Work task: Your copy of the data should match it exactly, except that the pictures are gone.

Source data:
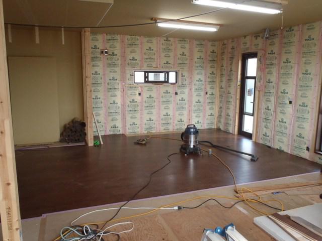・内部木工事、組み行った窓枠取付を終え、床フローリング貼り
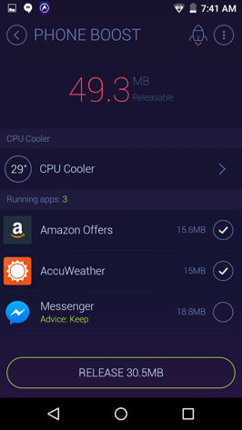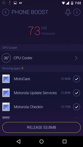 Starting with Phone Boost, this feature shows you apps that are wasting the phone’s memory resources in the background, and lets you release this RAM in order to give your device a bit more speed.
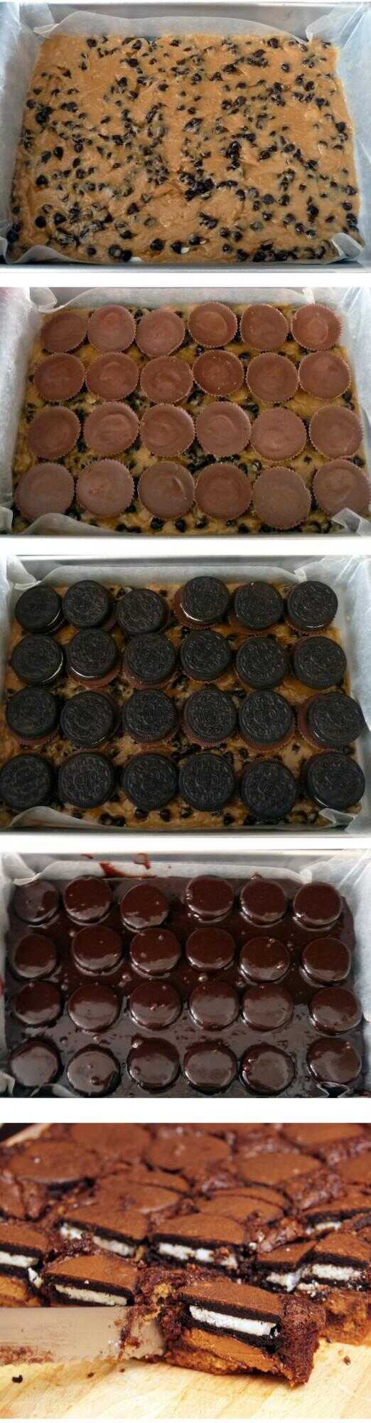 Hice en una bandeja de 9 "x 13" con pergamino o papel de cera, pasta de la galleta de capa, mantequilla de maní y galletas Oreo y tapa con masa de brownie. Los horneados a 350F por 40-50 minutos, hasta que un palillo entre Oreos salió limpio, pero los centros muy todavía pegajosa y crudos.

Exercise response:
・内部木工事、組み行った窓枠取付を終え、床フローリング貼り
 Starting with Phone Boost, this feature shows you apps that are wasting the phone’s memory resources in the background, and lets you release this RAM in order to give your device a bit more speed.
 Hice en una bandeja de 9 "x 13" con pergamino o papel de cera, pasta de la galleta de capa, mantequilla de maní y galletas Oreo y tapa con masa de brownie. Los horneados a 350F por 40-50 minutos, hasta que un palillo entre Oreos salió limpio, pero los centros muy todavía pegajosa y crudos.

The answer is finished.